A 2017 review of Prof Carrier’s book by The EastAfrican noted that he had untangled “the different threads contributing to Eastleigh’s economic exceptionalism, recording how they came together out of a conjunction of colonialism, migration, civil war, globalisation, and transnational ethnic networks” to live and thrive here. Prof Carrier also examines the transition of Eastleigh from what began as a patchwork of micro-enterprises and informal sector activities to a home for formal sector enterprises that became the third largest tax revenue generating area of Nairobi.
But, at the same time, Prof Carrier, just like Abdi and Dalmar, uses the book to set the record straight on how Somalis and other members of the Muslim community became the primary victims of state human rights abuses and reprisals based on an awkward policy of collective responsibility at the height of the war or terrorism and transnational crime.
Eastleigh, he notes, became the scapegoat for the series of terrorist attacks, even though the Muslim Youth Centre in the nearby Majengo settlement was identified as the main Al-Shabaab recruiting node under the influence a charismatic community activist named Iman. Abdi, the organising secretary of the Eastleigh Business District Association, says this suburb has turned a new leaf and has shaken off that tag.
And indeed it has. Eastleigh is now positioning itself as a modern business hub. It’s biggest mall, the new Business Bay Square, is scheduled to be officially opened in the coming months but business is already thriving here.
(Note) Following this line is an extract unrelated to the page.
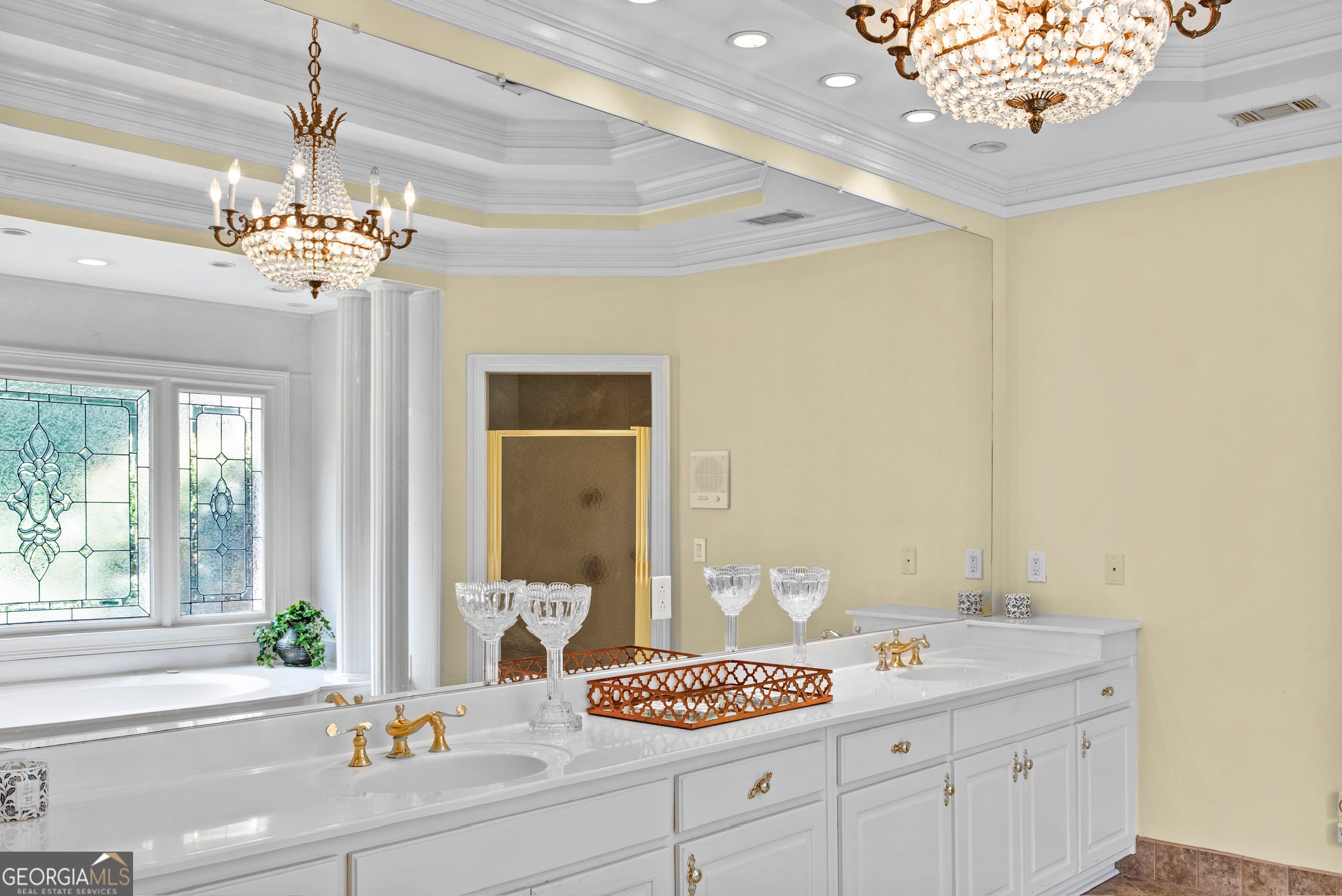 - Interior FeaturesAttic Expandable, Bookcases, Double Vanity, High Ceilings, Master On Main Level, Rear Stairs, Separate Shower, Soaking Tub, Tile Bath, Tray Ceiling(s), Two Story Foyer, Vaulted Ceiling(s), Walk-In Closet(s), Wet Bar, Whirlpool Bath

Boasting parking for 2,000 cars and one of the largest shopping acreage in the country BBS, as Dalmar abbreviates it, is being designed a mixed-use community that will, once complete, also host a five-star hotel and serviced apartments. Its anchor tenant is the Carrefour supermarket chain but Dalmar says it offers “everything that Eastleigh is known for.”
Abdi, on the other hand, says the business community has embarked on an initiative to be tax-compliant. The leadership organises regular clinics with business people during which it trains them on taxation, book-keeping and licensing procedures. This, Abdi says, is aimed at shedding off that “smugglers” tag that has hung in the air here like a stubborn virus.
As we sit and talk, and as we drive around this neighbourhood in the evening, it is clear that decades of disorganisation are slowly giving way to a new dream. This vibrant community might not have a single visible thread tying it together, but its aspirations and concepts of socialisation, mutualism and collective existence have brought it here, and it is not looking back.
And, who knows? This could indeed become our little Dubai!